As I strolled those galleries for the millionth time I flashed back to a moment last Tuesday, shortly after being given the keys to the City of Mitchell, South Dakota by Mayor Ken Tracy. The honor was given to me in a modest room where the city council gathers to plot the continued rise of Mitchell, one of this year’s Top7 cities. They not only plot the strategic direction of Mitchell, a place with a 2.8% unemployment rate (you read that right), they also listen inside that chamber to serious local issues that relate to their sidewalks, policing and tourist industry. With a major conflict pending over a measure that asks property owners to pay for sidewalk installations, I suspect that I was a breath of fresh air that evening – at least for the Council. I was there to officially recognize the city’s selection and to invite them to Toronto, Canada in June to be the “stars” of our Summit.

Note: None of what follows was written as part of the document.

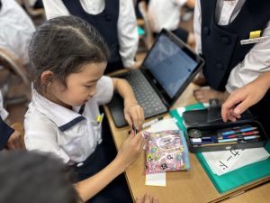社会の授業では,先日の商店街を振り返りながら学習を進めていきました。スーパーと同じでいろいろ工夫を見つけてくれていましたが.具体的にどんな工夫があったかな?なんで,そんな工夫があるのかな? とたくさん考えてくれていました。
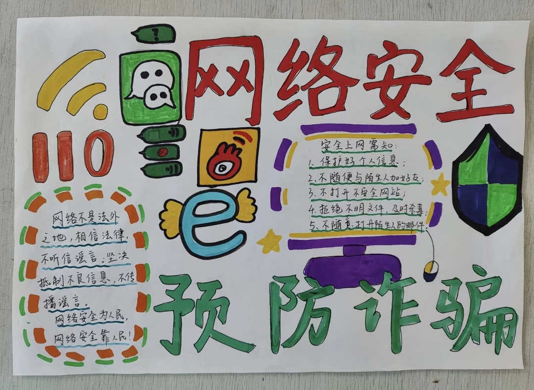 活动期间,学校组织学生制作防诈手抄报、黑板报。学生们发挥创意,以“网络安全 预防诈骗”为主题,将保护个人信息、拒绝不明文件、警惕网络谣言等防诈知识融入作品,如该校学生创作的手抄报,通过醒目的“安全上网需知”条目、生动的网络元素插画,直观展现防诈要点,传递“网络安全为人民,网络安全靠人民”的理念。

I also reinforced something that nearly every city champion explained to me as essential to Mitchell’s future: that quality of life is capital. It will be the formula which allows the city to keep its amazing balance between the gifts nature has provided and its economic destiny. In Mitchell the local meets the global. I know this because they issue pens which read, “bison and broadband.” The city of 15,285 has three broadband providers. Think of that. In places far larger they still spat about whether broadband is necessary, and who is going to pay for it. In Mitchell, however, broadband is in, but it is merely a building block for a structure called “quality of life.” This is the BIG BUILD. On these Great Plains of America, known as “God’s Country,” and sacred to the Lakota and Sioux Indian tribes of North America, the scramble to use broadband and Intelligent Community ideas to construct a great place to live and thrive is on.

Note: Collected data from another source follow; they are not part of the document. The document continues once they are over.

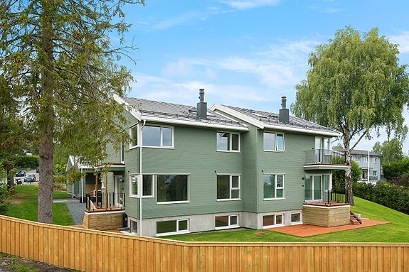 Eiendommene ligger skjermet til, med svært gode solforhold og en flott utsikt mot fjorden og Oslo by. Boligene føres opp i henhold til TEK-17 og vil holde gjennomgående høy standard - både innvendig og utvendig. Kjøkken leveres fra Sigdal (modell Uno eller tilsvarende), det legges 1-stavs eikeparkett, og det installeres balansert ventilasjon for et godt innemiljø. Alle materialer er nøye valgt for å harmonere med boligenes arkitektur og uttrykk.
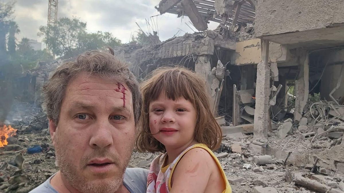 Eyal, husband of Michal Weits, holds their daughter in front of the rubble of their Tel Aviv home after it was hit by an Iranian missile during the 12-day war. (Michael Weits)
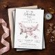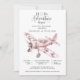 Una invitación de baby shower de avión antiguo con una delicada ilustración de un avión estilo libro de cuentos atada con lazos de cinta suave y la frase Que comience la aventura. Los tonos rosados suaves y la ilustración inspirada en reliquias crean una encantadora invitación perfecta para celebrar a un nuevo bebé y el emocionante viaje que se avecina. Diseñada con una estética clásica de guardería, esta invitación es adecuada para baby showers temáticos de aviones, celebraciones inspiradas en viajes y reuniones dulces que dan la bienvenida a un pequeño aventurero. Disponible para imprimir, como descarga digital o ambos.
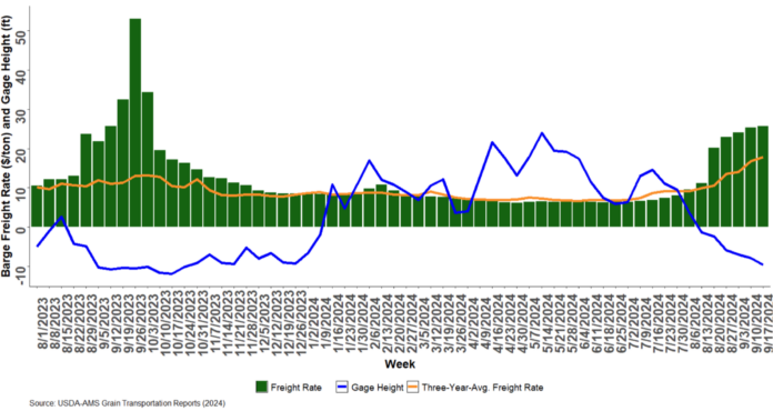 Figure 1 plots the Mississippi River level measured at Memphis, Tennessee, for the period Aug. 1, 2023, through Sept. 3, 2024. This figure also provides the weekly average freight, as well as the expected barge freight rate measured by the non-drought three-year average freight rate (i.e., 2019-2021). As the gage height falls, barge freight rates increase, and vice versa.

Like Taichung, with its Calligraphy Greenway and the province of New Brunswick, Canada, which enabled a small population of 750,000 to produce three Top7 communities a few years ago, Mitchell has settled upon quality of life as the biggest challenge to restore a population that declined by 30% in the post-industrial era. The notion has taken root. Like the corn in the fields of Davison County (planted by high-tech tractors), ideas around quality of life have many variations. But the most compelling is driven by the evidence that many people who left the area want to return to Mitchell to enjoy nature and to be plugged into a global economy. People are coming home. I met several and they were all proud to be back. Nearly all of them asked me if I hunted pheasant or fished. (I do not.) But it is obviously essential to the city’s quality of life and what connects people just as the Museum membership card connects me to the home I love.

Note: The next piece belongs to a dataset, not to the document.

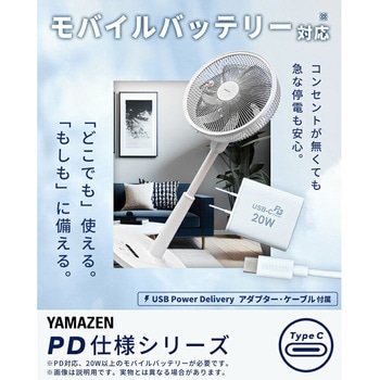モバイルバッテリーでも動かせるPD対応のDCモーター搭載ダイヤル式リビング扇風機
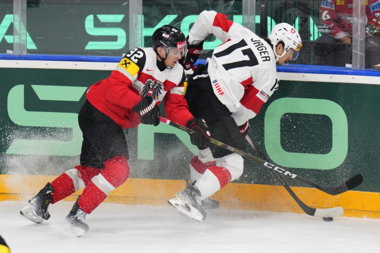 Rakúsky útočník Clemens Unterweger v súboji so Švajčiarom Kenom Jägerom v zápase základnej A-skupiny na MS v hokeji 2024. Praha (O2 Arena), 12. máj 2024. Foto: SITA/AP.

Mitchell is a dynamic community and is capable of going all the way in our awards program not because it is a monolithic economic powerhouse as were Taichung or Singapore in 2013 and 1999. Nor is it the most innovative place on earth, as Eindhoven and Waterloo could lay claim to having been in 2011 and 2007. Unlike New York (Intelligent Community of the Year, 2001) it is filled with modest people who get a little uncomfortable promoting themselves as “world class,” and hardly believe they are all of that. But they are. They reinforce the claim that the “middle of nowhere” is no more; that a renaissance is underway in the rural parts of the world. They were smart enough to push broadband through and to make people like it! Like a tractor which has smart technology embedded into it, and is boosting crop yields by numbers once thought unimaginable, the city has quietly, surely and in the steadfast way of its Norwegian heritage, become a “high tech city” without technology or frenzied Twitter freaks claiming their inflated presence. It meanders on, proud of the remarkable natural art on the outside of its famous Corn Place and the productivity and successful job placement of its technical schools. What they are most proud of, I believe, is the fact that its kids are starting to turn their sights back home, where the bison roam and the broadband is fast.